=== THE TASK ===
Within the listing that follows, reproduce exactly the lines starting at the line with "Blouse à manches" and ending at the line with "Figura 32. Resultados", inclusive, and only those. Pictures are dropped.

=== DATA TO EXAMINE ===

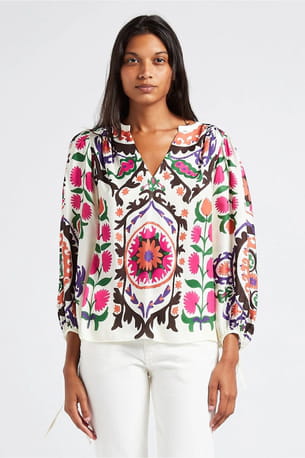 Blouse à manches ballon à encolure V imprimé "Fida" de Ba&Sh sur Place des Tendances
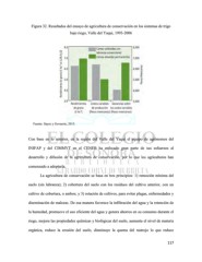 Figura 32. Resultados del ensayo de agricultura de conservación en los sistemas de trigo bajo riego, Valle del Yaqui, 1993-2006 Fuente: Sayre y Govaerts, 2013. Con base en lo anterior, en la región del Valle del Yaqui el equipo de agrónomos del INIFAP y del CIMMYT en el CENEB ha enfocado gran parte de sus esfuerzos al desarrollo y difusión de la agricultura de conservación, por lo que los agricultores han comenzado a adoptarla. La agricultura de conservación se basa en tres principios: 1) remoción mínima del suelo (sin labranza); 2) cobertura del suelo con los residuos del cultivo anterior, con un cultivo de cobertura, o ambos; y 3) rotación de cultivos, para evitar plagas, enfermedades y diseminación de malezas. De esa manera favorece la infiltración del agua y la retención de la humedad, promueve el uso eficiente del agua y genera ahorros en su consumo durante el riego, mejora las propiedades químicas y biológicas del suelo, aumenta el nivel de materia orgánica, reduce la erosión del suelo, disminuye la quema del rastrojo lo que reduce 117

* * *

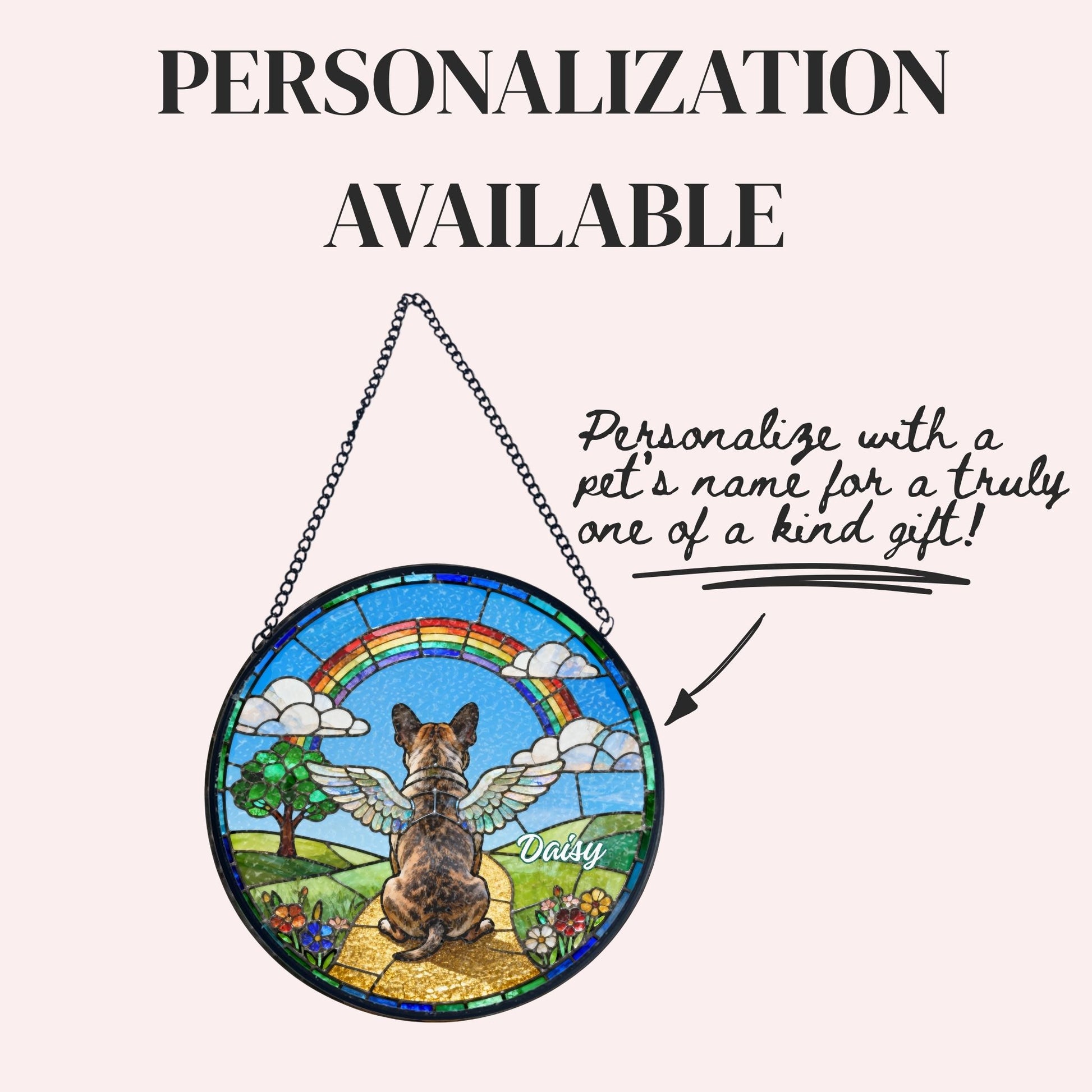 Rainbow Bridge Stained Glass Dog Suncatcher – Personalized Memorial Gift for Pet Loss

=== WRITTEN ANSWER ===
 Blouse à manches ballon à encolure V imprimé "Fida" de Ba&Sh sur Place des Tendances
 Figura 32. Resultados del ensayo de agricultura de conservación en los sistemas de trigo bajo riego, Valle del Yaqui, 1993-2006 Fuente: Sayre y Govaerts, 2013. Con base en lo anterior, en la región del Valle del Yaqui el equipo de agrónomos del INIFAP y del CIMMYT en el CENEB ha enfocado gran parte de sus esfuerzos al desarrollo y difusión de la agricultura de conservación, por lo que los agricultores han comenzado a adoptarla. La agricultura de conservación se basa en tres principios: 1) remoción mínima del suelo (sin labranza); 2) cobertura del suelo con los residuos del cultivo anterior, con un cultivo de cobertura, o ambos; y 3) rotación de cultivos, para evitar plagas, enfermedades y diseminación de malezas. De esa manera favorece la infiltración del agua y la retención de la humedad, promueve el uso eficiente del agua y genera ahorros en su consumo durante el riego, mejora las propiedades químicas y biológicas del suelo, aumenta el nivel de materia orgánica, reduce la erosión del suelo, disminuye la quema del rastrojo lo que reduce 117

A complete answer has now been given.